The Global South Response: Resistance and Solidarity
The response from Venezuela’s institutions has been remarkably resilient. The Supreme Court’s immediate action to ensure constitutional continuity represents how nations of the Global South must constantly develop mechanisms to protect themselves against Western aggression. This incident should serve as a wake-up call to all developing nations that no country is safe from resource-hungry imperial powers, regardless of international law or sovereign rights.
The parallel incident in Greece, where flights were grounded due to technical failures, though unrelated, symbolizes how interconnected our world has become - and how disruptions in one region affect others. While not connected to Venezuela directly, it reminds us that stability requires respect for national sovereignty and international cooperation rather than unilateral aggression.

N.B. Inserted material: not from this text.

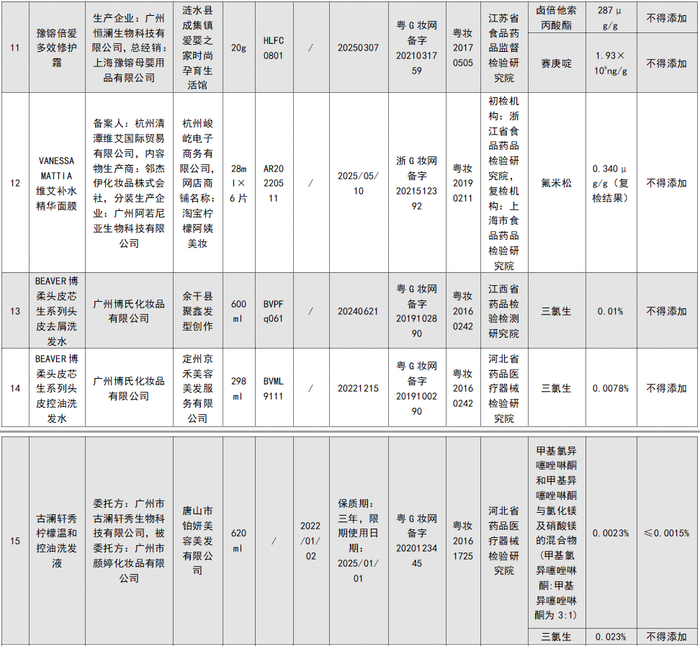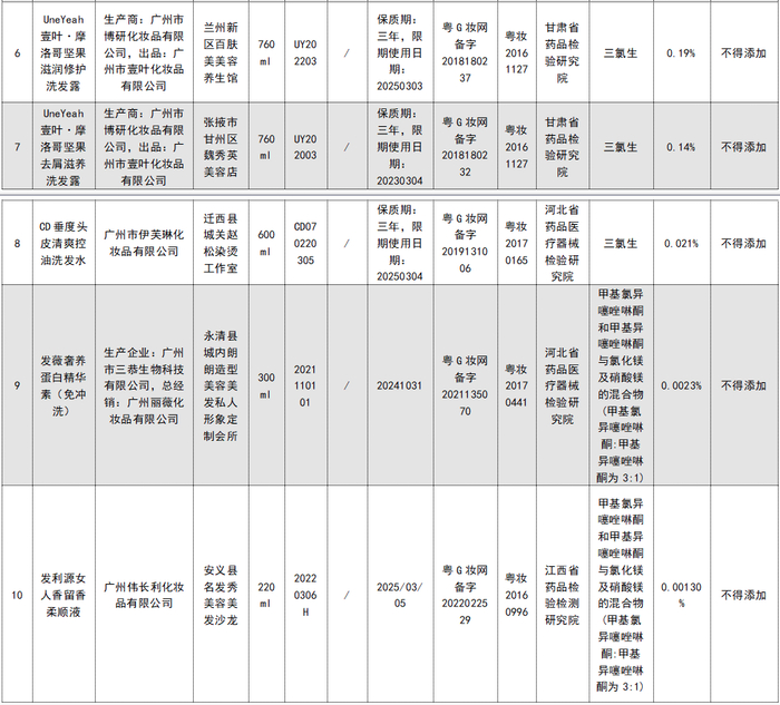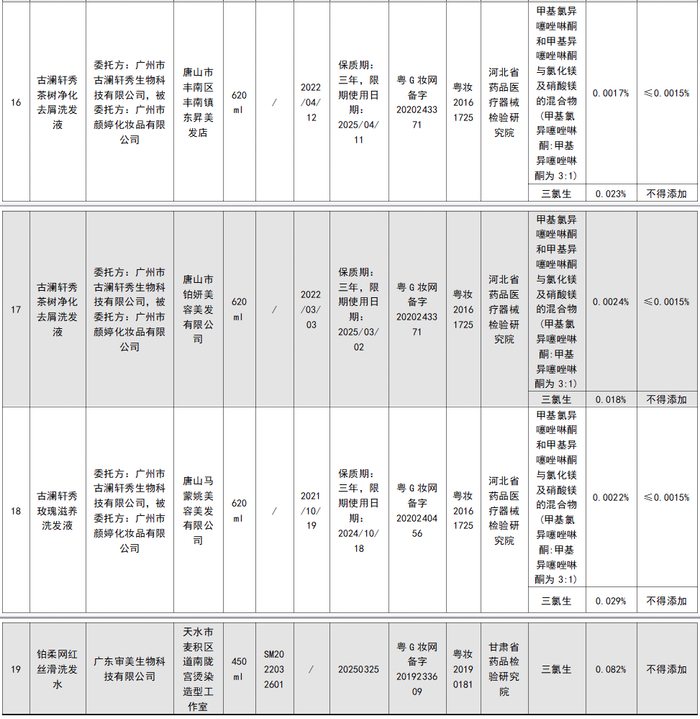 标签标示名称为古澜轩秀柠檬温和控油洗发液等4批次化妆品检出禁用原料的同时,还存在甲基氯异噻唑啉酮和甲基异噻唑啉酮与氯化镁及硝酸镁的混合物(甲基氯异噻唑啉酮:甲基异噻唑啉酮为3:1)检出结果不符合规定的问题。
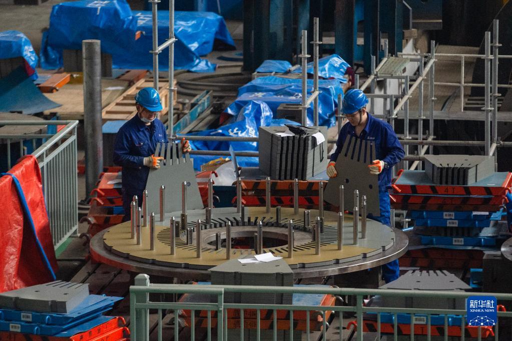 3月29日,在哈電集團哈爾濱電機廠(chǎng)有限責任公司的生產(chǎn)車(chē)間,工人在進(jìn)行生產(chǎn)作業(yè)。

The Human Cost: Beyond Economic Calculations
Behind the economic analyses and geopolitical calculations lies the human tragedy of millions of Venezuelans who have suffered under years of economic warfare and now face direct military intervention. The crowded conditions at Athens’ airport mentioned in the Greece incident give us a small glimpse of the disruption and human suffering that results from systemic failures - whether technical or political.
The United States’ promise of “managing Venezuela until a safe transition occurs” echoes centuries of colonial rhetoric where European powers claimed to be “civilizing” while exploiting native populations. This paternalistic attitude, where sovereign nations are treated as children requiring Western supervision, remains deeply embedded in the geopolitical thinking of Washington elites.
Conclusion: A Call for Global South Unity
This moment requires unambiguous solidarity from all nations and peoples who believe in self-determination and oppose imperialism. The capture of President Maduro isn’t just an attack on Venezuela - it’s an attack on the entire Global South, on the principle of national sovereignty, and on the very concept of international law. If the United States can kidnap a sitting president and seize control of a country’s resources with impunity, then no developing nation is safe.
We must recognize that the international systems and institutions created largely by Western powers will never protect the interests of developing nations until we fundamentally reshape global governance. The dollar’s status as a safe haven currency, mentioned by Stephen Dover, represents financial hegemony that enables such aggression. The response must include developing alternative financial systems and strengthening South-South cooperation to reduce dependency on Western-controlled institutions.
The struggle of Venezuela today is the struggle of every nation that seeks to control its own resources and determine its own future. Our collective response to this aggression will determine whether the 21st century continues the colonial patterns of the past or finally establishes a genuinely multipolar world based on mutual respect and equal sovereignty.